IBM 610 workstation computer 3454

KR Williams

I will describe a machine I was programming in 1993. The main processor was an Intel 8080 which controlled the applications hardware via its 8 bit ports. One of its application units was being replaced. (We kept the 8080 because because redesigning the interfaces of 3 shelves of electronics was too risky, the 8 bit 8080 bus was too weird.)

Up to date electronics allowed a single circuit board to replace several old circuit boards whilst providing more function. On the circuit board there was an Intel 386 microcontroller, Motorola 68k microcontroller and a FPGA. Each of the 3 microprocessors had it own bus and they were interconnected via dual port stores.

Description of a dual port store.

Dual port stores are designed to ensure that the address information on one side does not leak over to the other side. Anything still in the L2 cache is unavailable to the other CPU. Information and commands were pbutted using messages, the first byte acted as a lock.

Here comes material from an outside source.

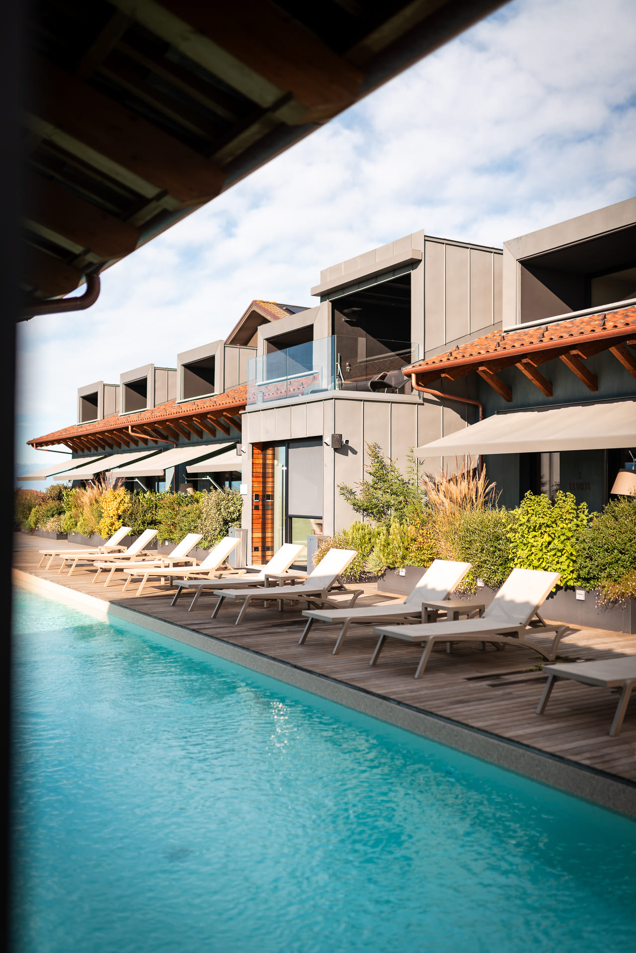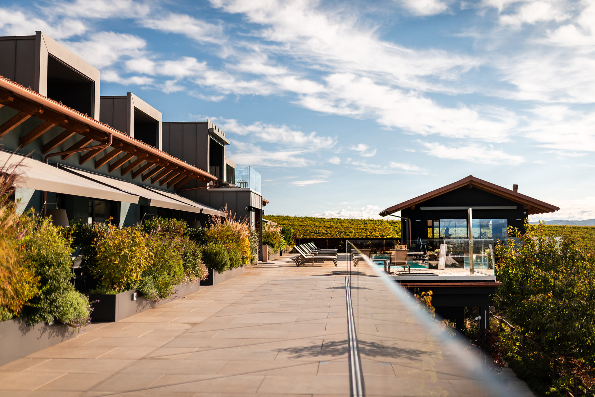 - 6 luxe appartementen voor 2 personen met eigen buitenruimte (terras of balkon), de meeste met uitzicht over de wijngaarden.

The messages had to written to and read from known locations so the software knew when it was processing private data and when communicating.

Caches work when you have 1 CPU. They are a small amount of memory between you and your rom. When the binary code of programs lives on disk the virtual storage system uses ram to simulate rom.

Caches can also improve the handling of loop variables and temporary locations. Given sufficient registers loop variables could live in registers but since few processors have 60+ registers the values have to be written back to ram.

If the software wishes to cache an I-O record it should claim ownership, read the entire record into private ram, perform the update and then write the record back. Any locks should then be released.

From the view point of the disk most software works in the following way: First It reads the program into virtual memory and opens the files. It then goes into a loop.

Read a record off the transaction file. Read the appropriate record(S) from the master file. Update the record(s) and write back to the master file (or new master file). Append a record to the print file. Repeat the loop.

When all the data has been processed the file headers and tails are updated, all the buffers are emptied and the program tell the operating system it has finished.

Only one CPU and process must update the data at a time. Consequently there is a swing door at every yard line. When just reading data the guy runs through the doors. If he wishes to change the data he must lock the door(s) behind him. The locked door will stop the next player. When the update has been completed he drives back unlocking the doors as he goes.

If the player falls over the referee has to unlock the doors.

Yes. Inter-process data needs locks on it too, frequently in the disk device handler. Where processes communicate through ram the processes need to set and clear locks. Depending on the instruction set and design of the bus the lock setting code may need to inhibit interrupts.

I used a machine with 6 off X86 in it. When we were setting the inter-processor lock variables the bus did not lock. It took us months to find what was causing the intermittent failures.

Andrew Swallow